これから神が存在するかについての私の考えを徐々に述べていく。世界には神が存在するという論拠や神が存在しないという論拠がたくさんある。それぞれを取りあげてどれほど確実な論拠なのかを考察していく。しかしこれは私の中で結論が出ていない問題であり、あくまで暫定的な結論である。結論から言うと「神がいる」:「神がいない」の私の確信度の比は6:4くらいである。そんな中途半端な確信度で文章を書くなと言われれば反論はしないが、あくまで暫定的な結論ということで了承いただきたい。

「神がいる」「神がいない」という両極からのどちらかに読者を導こうという立場からの考察ではない。それぞれの論拠が正しいかどうかを検討することで読者が自分自身でどの立場を取るかを正しく選んでもらおうというのが目的である。

順番に述べていく。恐らく12回ほどのシリーズになると思う。前半の記事は多くの人がすでに述べている内容を自分の考察を交えながらなぞっていく。徐々に自分の考察を展開していく。第7回以降の後半論述が本格的な論述になる予定だ。

よく言われる説だから重要ではないというのではない。多くの人が言う内容だから逆に重要だと言える。しかし記事として載せるうえでの希少価値という点では多くの人が言う説はあまり価値がない。だからそういう記事は前半に論じていく。

ユダヤ教の聖書、キリスト教でいう『旧約聖書』をこの記事では『旧約聖書』と呼ぶ。私はキリスト教徒ではない。
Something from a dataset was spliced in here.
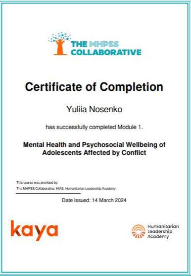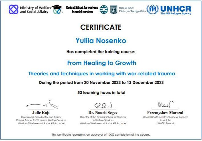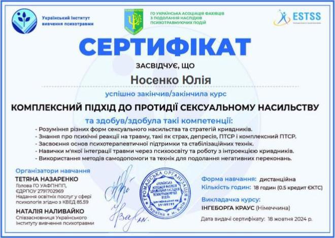 Кризовий психолог — я отримала кваліфікацію у кризовій психології, що допомагає мені підтримувати людей у складних та кризових ситуаціях.

ユダヤ教、キリスト教、イスラム教それぞれからどれにも偏らず学んでいるため本当はキリスト教寄りの『旧約聖書』という言葉は使いたくないが、日本では『旧約聖書』という言葉が浸透しているのでそれに従う。

聖書の一貫性

最初の論拠は聖書の記述が非常に一貫しているという点である。読めば読むほど一貫している。確かににわかに信じがたい奇跡などが出てくるし、私もそれを文字通りには信じるわけではない。しかしその他の点では聖書の記述は非常に一貫している。自分で読んでもチンプンカンプンでよく分からないが、聖書を何十年もかけて読み込んだ人の解説を聴きながら自分でも読んでいくと聖書は非常によくできていて、その世界観は一貫しており、書いた人の信念が伝わってくる。確かに真実を語っているのではないかと思わせる。聖書を信じない人は聖書を読まなかった人か読めなかった人のいずれかだ、というのは分からんではない。
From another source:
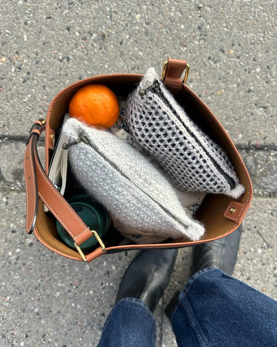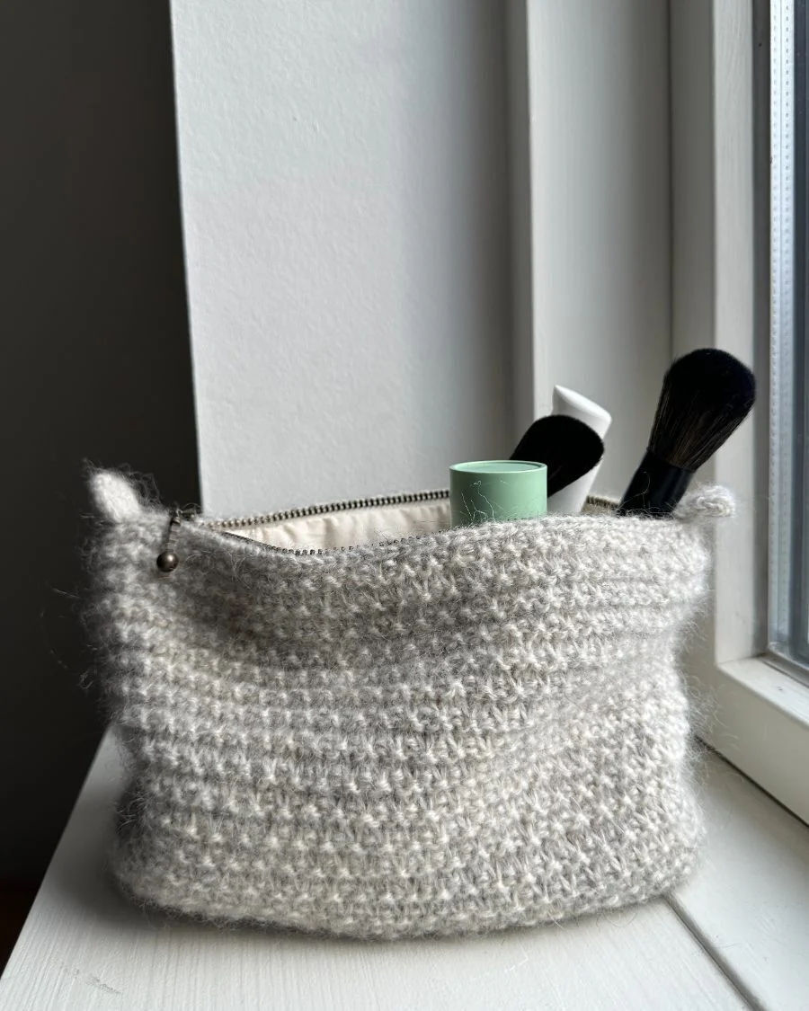 Den blå og hvite Marie Case er strikket i størrelsen mellom i i Peer Gynt fra Sandnes Garn i fargene Almond [2511] og Night sky [5591].

もうひとつはイエスやムハンマドの誠実さである。歴史上のイエスやムハンマドは神について語るが、彼らは非常に誠実でありとてもうそをつくような人とは思えない。これも論拠になりうる。

ユダヤ人のしぶとさ

これも以前ブログに書いた内容だが繰り返しておく。

ユダヤ人は歴史の中で常に少数民族であり、エジプトで奴隷となり、バビロンで捕囚となり、その歴史は苦難の連続であった。

さらに中東という地域はつねに多くの民族が出入りし、多くの帝国や文明が興っては消滅していった地域である。ユダヤ人のような少数民族の文化はいつ滅んでもおかしくなかった。
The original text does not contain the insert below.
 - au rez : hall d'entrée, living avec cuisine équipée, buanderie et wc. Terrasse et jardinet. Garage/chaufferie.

さらにあの地域ではキリスト教の創始者イエス、イスラム教の創始者ムハンマドという人類の歴史上もっとも偉大な人物が現れており、ほとんどの人々はそのどちらかに改宗している。

しかしユダヤ人だけは しぶとくその宗教のアイデンティティを守り続けている。何か不思議な感じがしないだろうか。計り知れないしぶとさを感じないだろうか。

西洋の哲学者などによるとユダヤ人の歴史は神が直接手を下した歴史だと言われる場合がある。出エジプト記のような海が真っ二つに割れユダヤ人を通らせた、という記述を信じたりは私はしないが、なにか計り知れない偉大な体験がユダヤ人にはあったのではないかと推測される。

ユダヤ人の自己の宗教を守り続けるしぶとさは尋常ではない。何かしら神に関する体験があったのではないかと思いたくなる。

コーランの偉大さ

これも以前ブログに書いた内容だが、論拠は全て網羅しておきたいので掲載しておく。

私はインドネシアのジャワ島のジョグジャカルタというところに旅行でいった。そして変なものを食べたため腹を下してホテルで寝込んでいた。

ねぼけまなこでうつらうつらしていた時、突然、異様な迫力を持った声が聞こえてきた。それはあたかも神の声のようであった。

そして私は自分が神の声を聞こえるようになった、とは思わなかった。その代わり私が思ったのは「そうか・・これがコーランか・・」という考えだった。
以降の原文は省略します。